On connect the server immediately sends either session_sync (no active run) or begins the reconnect flow (active run detected).
{
"type": "message",
"content": "user text",
"images": ["base64string", ...],
"files": [{"name": "file.pdf", "path": "/abs/path"}]
}
type must be "message". Other types return an error frame.content is required and must be non-empty.images: optional list of base64-encoded images (data URIs accepted; the data:...;base64, prefix is stripped server-side).files: optional list of uploaded file references (appended to content as [Uploaded files on disk: ...]).All frames are JSON objects with a type field.
| Frame | When |
|---|---|
{"type": "stream_start"} |
Before any agent output begins |
{"type": "stream_end", "content": "...", "context_tokens": N, "max_context_tokens": N, "elapsed_seconds": N, "tool_call_count": N, "token_count": N, "message_index": N} |
After final text, before workers |
{"type": "stream_stopped"} |
If the user stopped generation |
{"type": "error", "message": "..."} |
On any unhandled error |
| Frame | When |
|---|---|
{"type": "thinking_delta", "delta": "..."} |
Reasoning chunk during streaming |
{"type": "thinking_end"} |
Reasoning phase complete |
{"type": "turn_thinking", "thinking": "...", "is_subagent": bool} |
Full reasoning block from a tool-calling turn (complete(), non-streaming) |
Thinking blocks are collapsible in the UI: open during reasoning, auto-collapsed on thinking_end.
| Frame | When | ||
|---|---|---|---|
| `{"type": "planning_status", "phase": 1 | 2 | 3, "label": "...", "is_subagent": bool}` | During planning phase — progress label for UI. phase: 1=analysis, 2=reflect, 3=plan |
{"type": "plan_ready", "plan": "...", "is_subagent": bool} |
Before tool-calling loop if planning_enabled and a plan was generated |
planning_status frames arrive during each planning phase (analysis → optional reflect → plan). is_subagent: true means the planning is running inside a subagent — route it into the spawn_agent card, never into the top-level UI.
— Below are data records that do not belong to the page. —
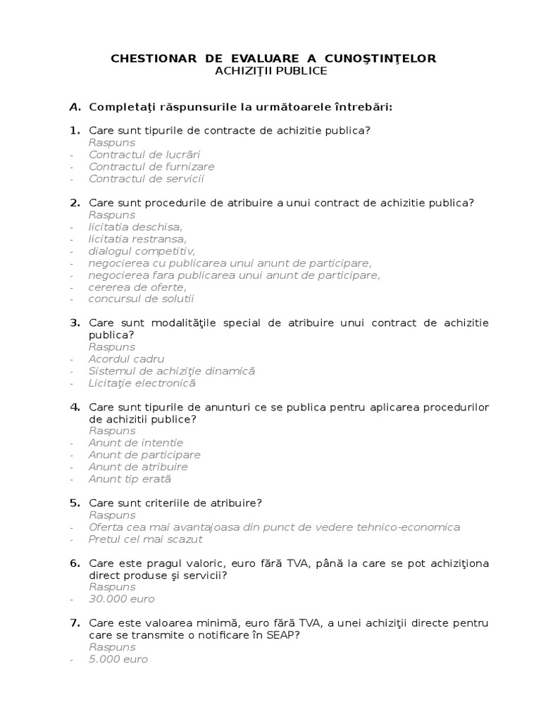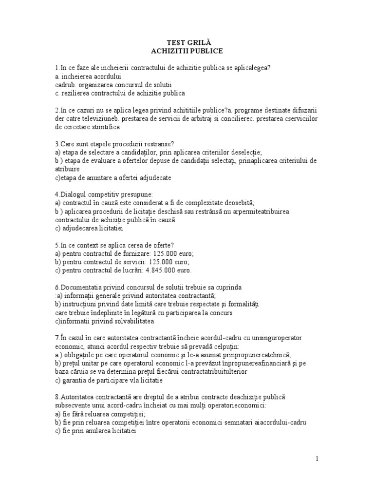 Teste Grila Achizitii Publice Cu Raspunsuri
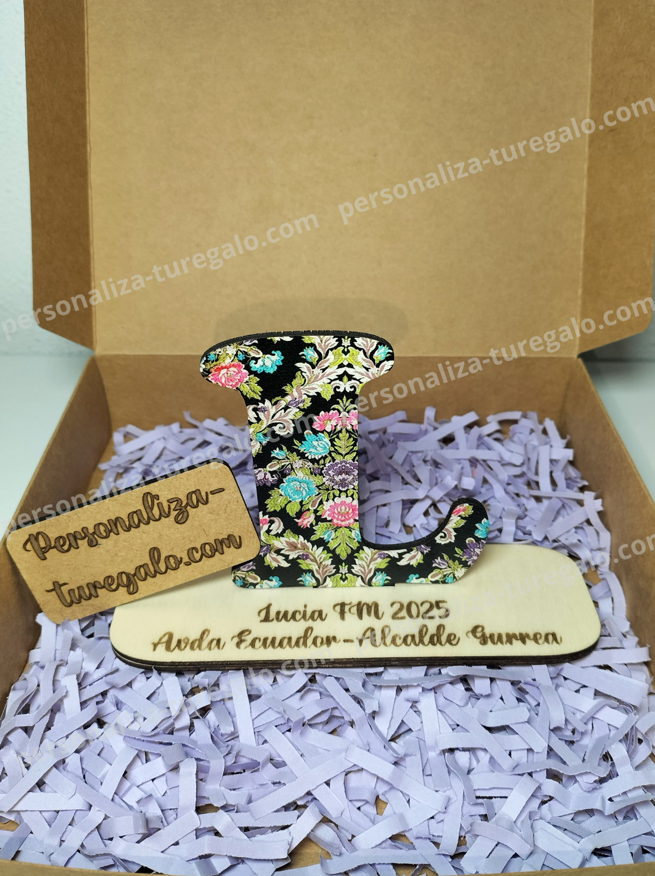 Letra de madera personalizada con impresión de tela fallara y peana grabada
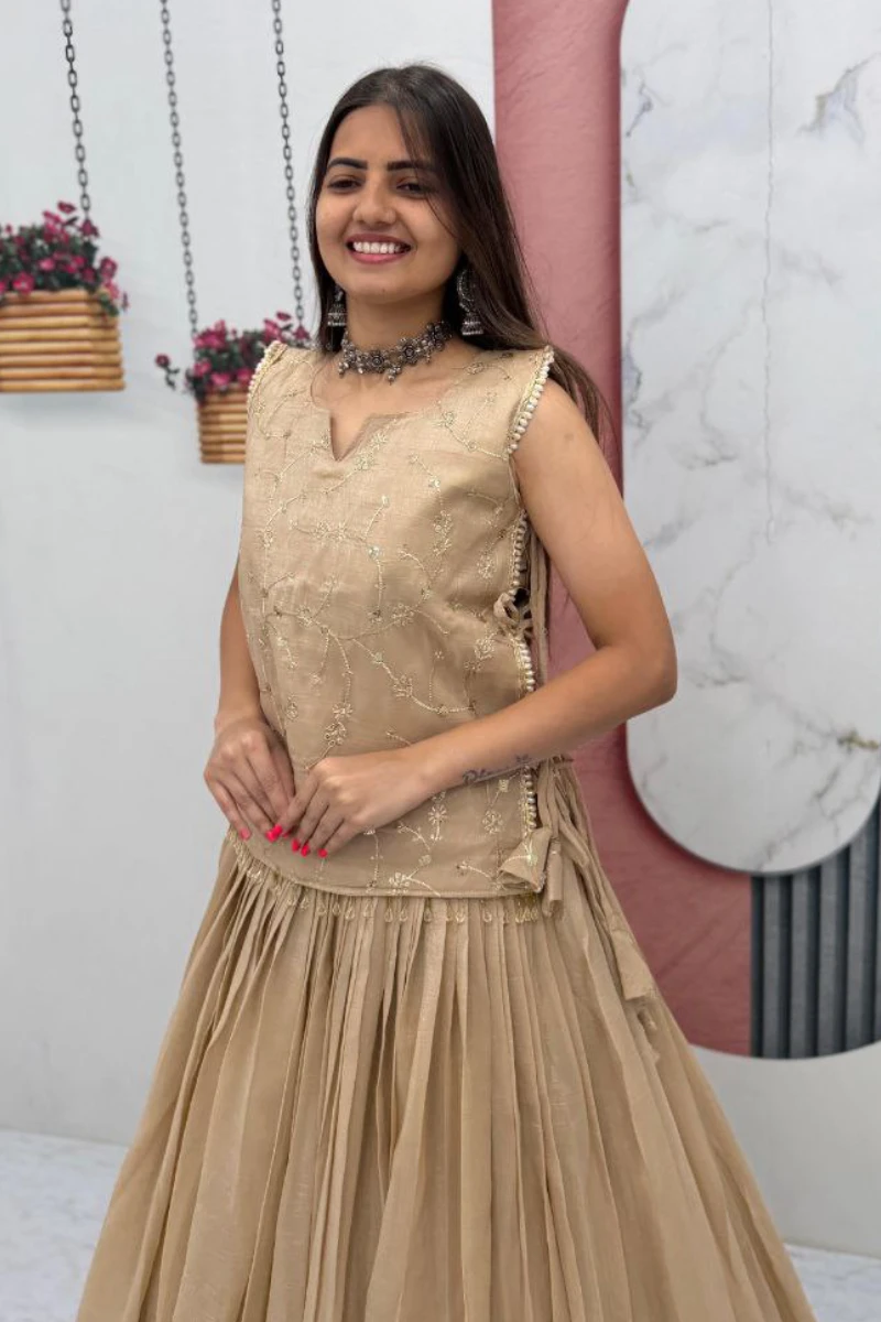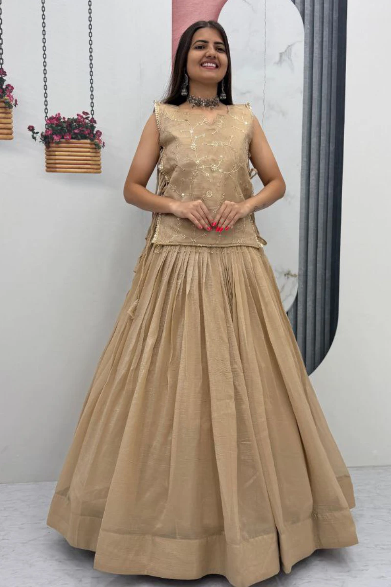 This elegant lehenga choli set is crafted from premium crunchy silk fabric, designed to offer a rich and festive appearance. The sleeveless embroidered choli adds a modern touch while maintaining traditional charm, beautifully paired with a flowing lehenga and a stylish matching jacket. The Chiku Gold color enhances the regal appeal, making it a perfect choice for weddings, festive celebrations, and special occasions where sophistication meets contemporary ethnic style.
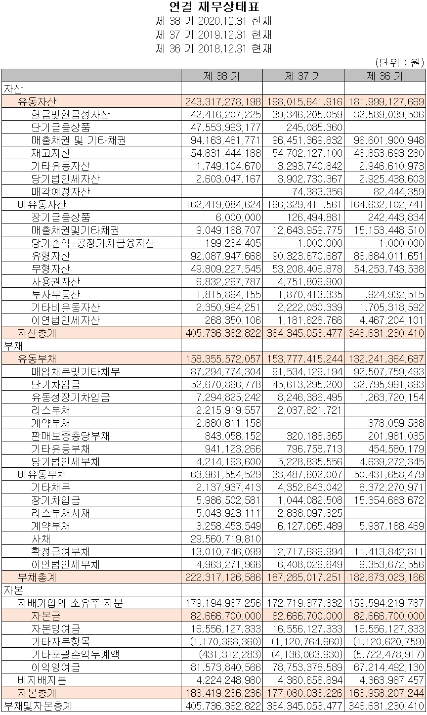 2020년 당기 말 자산총계는 전년 대비 11.4% 증가한 4,057억 원으로 현금 및 현금성자산과 금융상품의 증가가 주된 요인입니다. 부채는 18.7% 증가한 2,223억 원으로 장단기 차입금의 증가에 기인합니다.
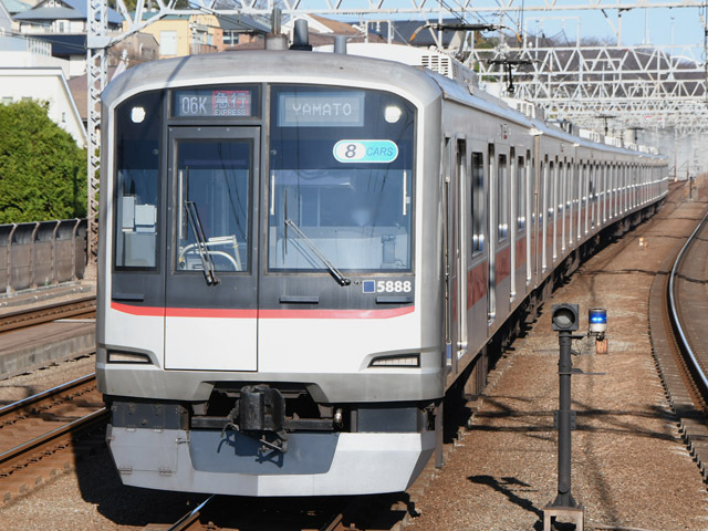 東急編成写真 5188F 更新日 2026年1月17日 公開日 2008年7月2日 東急編成写真/5080系 編成情報 所属路線 目黒線 配置検車区 元住吉検車区 車両数 8両編成 編成履歴 5188Fの編成表 車外表示器 種別・行先 フルカラーLED式 運行番号 白色LED式 車内表示器 液晶モニタ(全扉上に2機配置) その他 相鉄線直通対応 年別アーカイブ 2025年 2024年 2023年 2022年 2021年 2020年 2019年 2018年 2016年 2015年 2013年 2012年 2010年 2009年 2008年 2025年 2024年 2023年 2022年 2021年 2020年 2019年 2018年 2016年 2015年 2013年 2012年 2010年 2009年 2008年
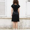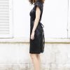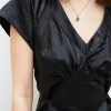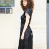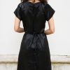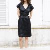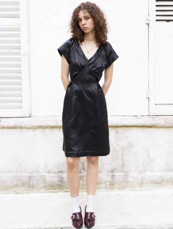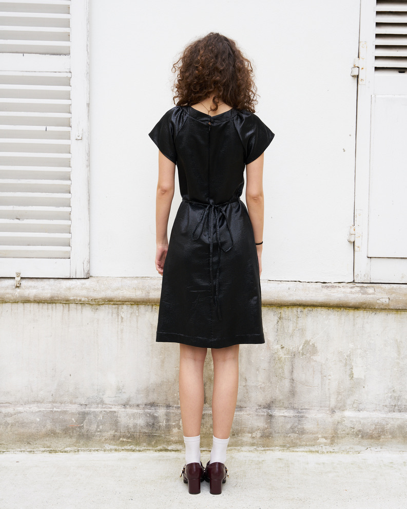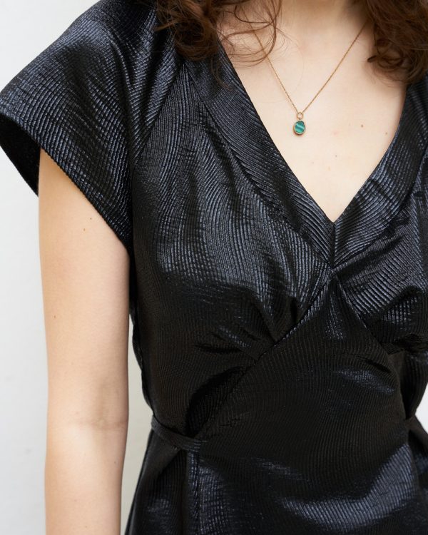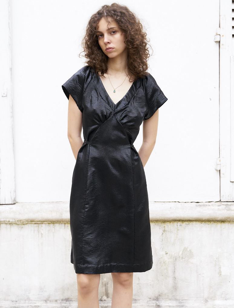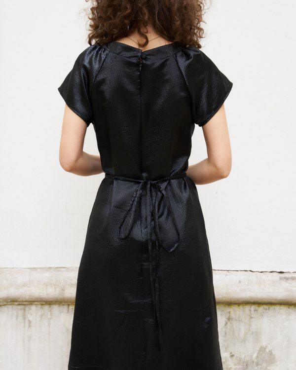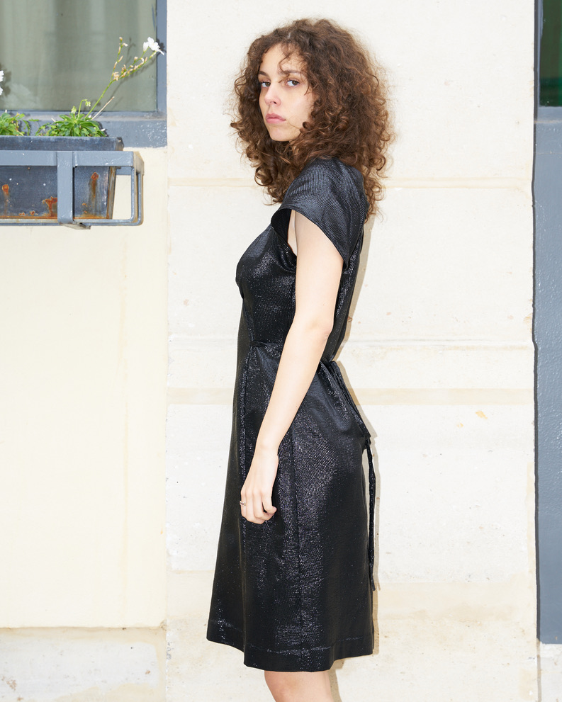 Lamé black dress with deep V neck and bell sleeves, The intricate cut is inspired from 1930s lingerie, The dress has attached belt a highly adjustable belt in the same fabric.
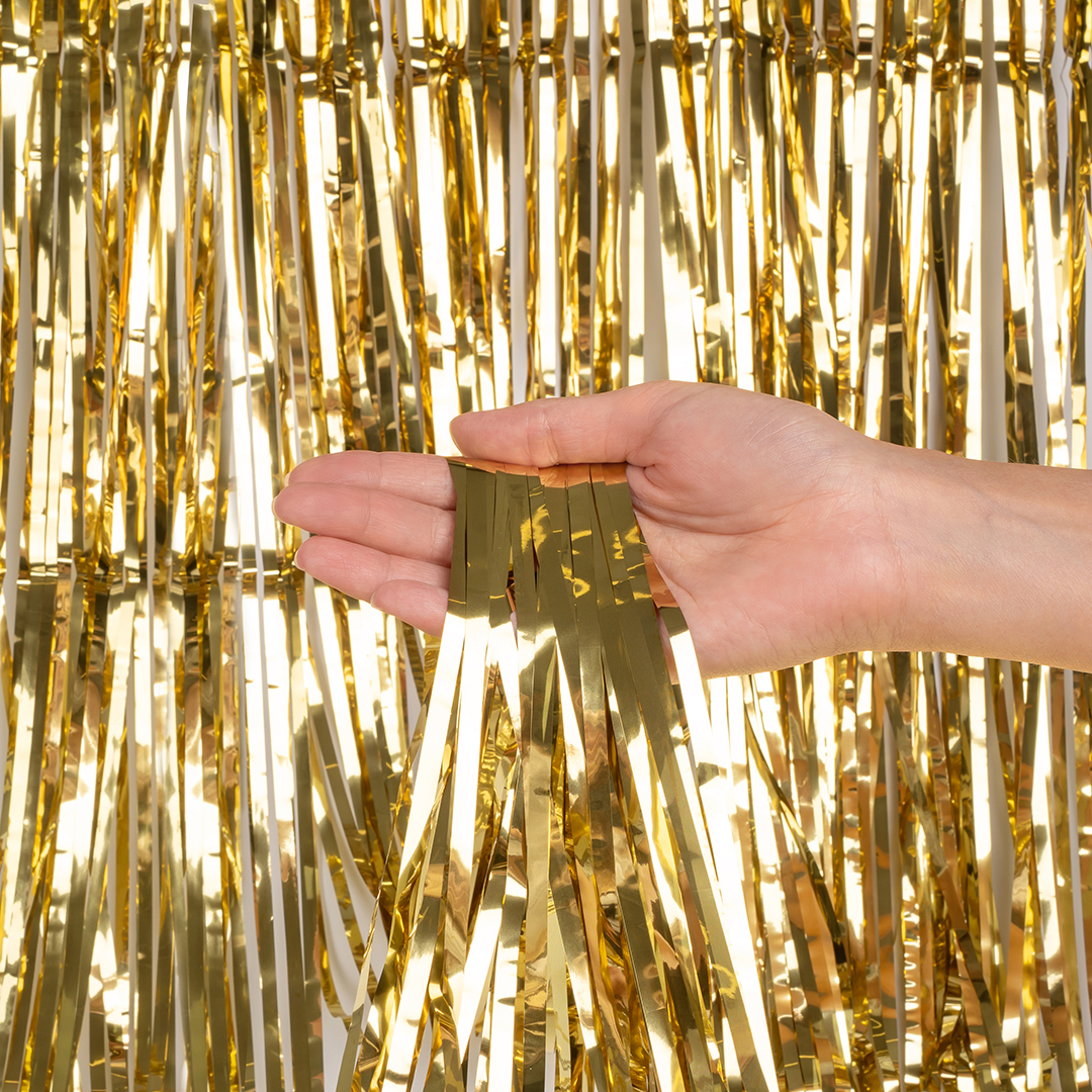 Декоративное украшение из металлизированной полимерной пленки. Идеально подойдет и для праздничного оформления интерьера, и для декорирования латексных и фольгированных шаров.Примечание: размещенный на верхней части занавеса-гирлянды двусторонний скотч поможет максимально быстро и оперативно закрепить дождик при монтаже декора.

plan_ready carries the formatted step list. Rendered as a collapsible plan card in the UI.
| Frame | When |
|---|---|
{"type": "tool_started", "tool": "name", "args": {...}, "is_subagent": bool} |
Immediately when a tool call begins (before execution) |
{"type": "tool_call", "tool": "name", "args": {...}, "result": "...", "success": bool, "is_subagent": bool, "metadata": {...}} |
When the tool finishes |
is_subagent: true indicates the tool call was made by a nested subagent, not the top-level agent.
| Frame | When |
|---|---|
{"type": "stream_delta", "delta": "..."} |
Text chunk of the final response |
| Frame | When |
|---|---|
{"type": "context_compressed", "messages_before": N, "messages_after": N, "summary": "...", "context_tokens": N, "max_context_tokens": N} |
After context compression runs |
{"type": "profile_switched", "profile_id": "...", "profile_name": "..."} |
When switch_profile tool succeeds |
{"type": "heartbeat"} |
Periodic keepalive during long silent operations (every 20 s) |
{"type": "session_sync"} |
Client should reload session history from REST (GET /sessions/{id}) |
session_sync is sent in two situations:
POST /sessions/{session_id}/stop
Sets _AgentRun.stop_event. The agent checks this event:
aclose() on the generator)The client sends this via fetch(), not over the WebSocket, to avoid corrupting the WebSocket receive state.
Response: {"ok": true} if a run was active, {"ok": false, "reason": "no active run"} otherwise.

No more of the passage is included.